Theorem (Schneider 1936): Assume that $E$ is defined over $\overline{\mathbb{Q}}$. I.e., $g_2$, $g_3 \in \overline{\mathbb{Q}}$.

  1. Each of $\lambda_1$, $\lambda_2$, $\eta_1$, $\eta_2$ is transcendental over $\mathbb{Q}$.
  2. If $E$ does not have CM, then $\tau := \lambda_1/\lambda_2$ is transcendental over $\mathbb{Q}$.
  3. If $E$ has CM, then $\mathbb{Q}(\tau)$ is an imaginary quadratic field.

Schneider's results were improved over the years, starting with work of Baker, Coates, and Masser, to results on $\overline{\mathbb{Q}}$-linear combinations of periods, quasi-periods, and elliptic logarithms.

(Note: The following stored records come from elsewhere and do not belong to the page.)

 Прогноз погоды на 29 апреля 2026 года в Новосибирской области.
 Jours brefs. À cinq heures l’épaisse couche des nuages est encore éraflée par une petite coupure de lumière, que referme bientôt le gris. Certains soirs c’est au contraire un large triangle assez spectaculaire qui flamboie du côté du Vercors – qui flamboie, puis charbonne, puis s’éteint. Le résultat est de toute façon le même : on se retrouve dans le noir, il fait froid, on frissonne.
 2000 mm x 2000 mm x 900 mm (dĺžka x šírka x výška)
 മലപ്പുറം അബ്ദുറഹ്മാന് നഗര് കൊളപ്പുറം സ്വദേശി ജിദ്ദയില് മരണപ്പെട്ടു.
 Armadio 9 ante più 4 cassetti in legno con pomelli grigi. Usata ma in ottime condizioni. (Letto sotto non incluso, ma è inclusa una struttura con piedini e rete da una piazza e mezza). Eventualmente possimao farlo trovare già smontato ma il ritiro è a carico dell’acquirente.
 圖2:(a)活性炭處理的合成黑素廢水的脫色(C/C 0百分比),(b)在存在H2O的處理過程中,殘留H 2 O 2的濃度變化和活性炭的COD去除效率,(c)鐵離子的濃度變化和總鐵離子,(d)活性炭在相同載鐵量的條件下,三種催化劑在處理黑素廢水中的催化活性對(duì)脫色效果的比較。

Parts 2 and 3 of the following theorem should settle the original question.

Theorem (Masser 1975): Again assume that $E$ is defined over $\overline{\mathbb{Q}}$. Let $V$ be the $\overline{\mathbb{Q}}$-linear span of the six numbers $1$, $\pi$, $\lambda_1$, $\lambda_2$, $\eta_1$, and $\eta_2$.

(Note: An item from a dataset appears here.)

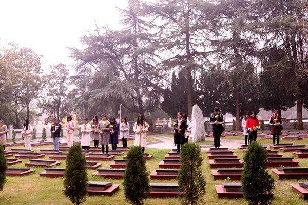 上午8点30分,支部党员就在北门的公交车站集合,紧接着秩序的上车。在支部书记廖九英老师的带领下,支部全体党员来到了湘潭西郊的烈士陵园。首先由廖九英同志带领支部党员为在衡宝战役中英勇献身的129名烈士轻擦墓碑上的灰尘,紧接着每位党员都庄严肃穆。每位党员手持白菊肃立于墓前,为革命烈士默哀三分钟,三鞠躬之后,各位党员献上白菊。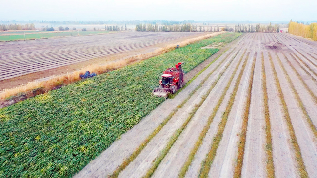 23日,四十里城子镇阿克墩村的千亩甜菜地里,一台甜菜收割机开足马力运转,叶片剥离、根茎挖掘、装车清运“一气呵成”。“往年采收要多台机器协作,今年一台一体机就能完成。”种植户佘勇军介绍,他今年种了1200亩甜菜,已与中粮焉耆糖厂签订订单,每吨收购价500元。目前采收进度达三分之一,亩产可达6至6.5吨,亩均毛收入3000至3500元。“糖厂提供全程技术服务,我们在地头看看就行,省心省力!”

  1. If $E$ does not have CM, then $\dim_{\overline{\mathbb{Q}}} V = 6$.
  2. If $E$ has CM, then $\dim_{\overline{\mathbb{Q}}} V = 4$.
  3. If $E$ has CM, then the three numbers $\eta_1$, $\eta_2$, and $\lambda_1$ are linearly dependent over $\overline{\mathbb{Q}}$, and the ratio $\eta_1/\eta_2$ is transcendental over $\mathbb{Q}$ if and only if $g_2g_3 \neq 0$.

A couple of further comments:

  • Masser's results appear in his book "Elliptic Functions and Transcendence," Springer Lecture Notes 437, 1975.
  • For further accounts of these types of results and their history, I highly recommend Waldschmidt's articles "Transcendence of periods: the state of the art," Pure Appl. Math. Q. 2 (2006), no. 2, part 2, 435-463, and "Elliptic functions and transcendence," Surveys in number theory, Dev. Math. 17, Springer, 2008, pp. 143-188. Both are available on his web page.
  • The theorem alluded to in the original post, stating that the transcendence degree of $\overline{\mathbb{Q}}(\lambda_1,\lambda_2,\eta_1,\eta_2)$ over $\overline{\mathbb{Q}}$ is at least $2$ (with or without CM), is due to G. V. Chudnovsky (1976).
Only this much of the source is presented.